Canada’s minister of environment and climate change, Catherine McKenna, announced more than $4.3 million to support 49 new conservation projects across Canada, over the next three years.

These projects focus on protecting priority places, species, and sectors. They also focus on recovering multiple land-based species at risk and their ecosystems. Many of the projects will be led by Indigenous groups, using Indigenous traditional knowledge, in assessing the species that may be at risk, as well as in developing and implementing protection and recovery measures.

“Our nature is in crisis,” said Minister Catherine McKenna. “The abundance of insects, plants, and animals around the world is declining at an alarming rate, and Canada has a unique responsibility to the world to protect the species at risk within our borders.
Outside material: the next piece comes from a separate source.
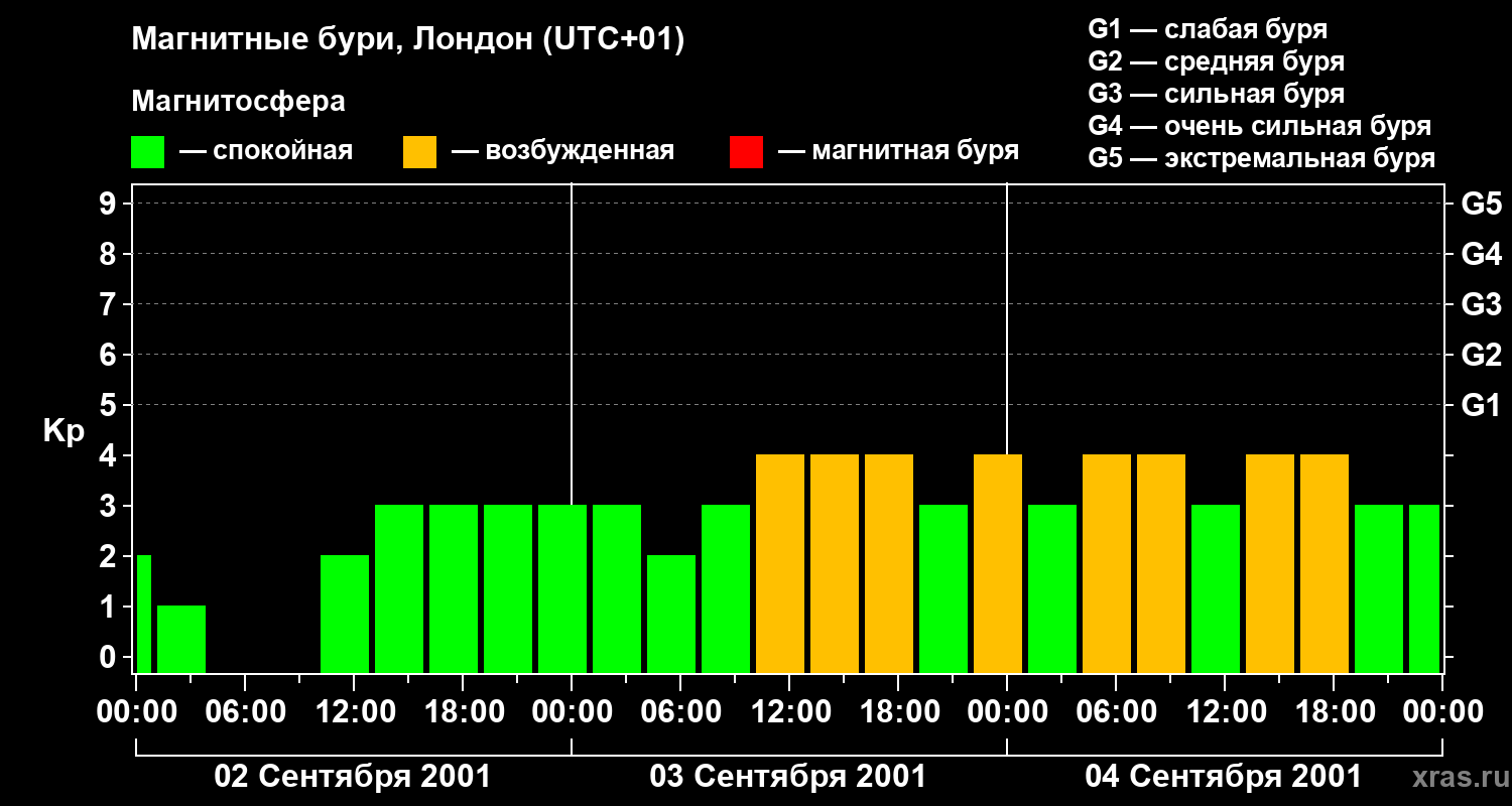 Изменения геомагнитного индекса Kp с 2 по 4 сентября 2001 года для средних широт

By investing in local conservation projects, and supporting the leadership of Indigenous communities working to protect nature, together we are making important progress toward protecting species at risk and the places they depend on.”

Minister McKenna highlighted three projects taking place on and around Vancouver Island. This includes over $108,000 to the District of Oak Bay to support the conservation and recovery of 14 at-risk plant species found in Uplands Park in Victoria, British Columbia. The plants include the Bearded Owl-clover, Kellogg’s Rush, Muhlenberg’s Centaury, Water-plantain Buttercup, and Tall Woolly-heads. The federal funding will also help the District of Oak Bay remove invasive plant species, install split-rail fencing around sensitive areas, and address the impacts of recreation in the park.

In addition to this, the federal investment will also help the Nature Conservancy of Canada undertake a project to support the recovery of endangered plants including Howell’s Triteleia and Yellow Montane Violet, within the Cowichan Garry Oak Preserve. Support to the Government of British Columbia will contribute toward habitat restoration and the recovery of the Taylor’s Checkerspot Butterfly, an at-risk butterfly species found on Denman and Hornby Islands.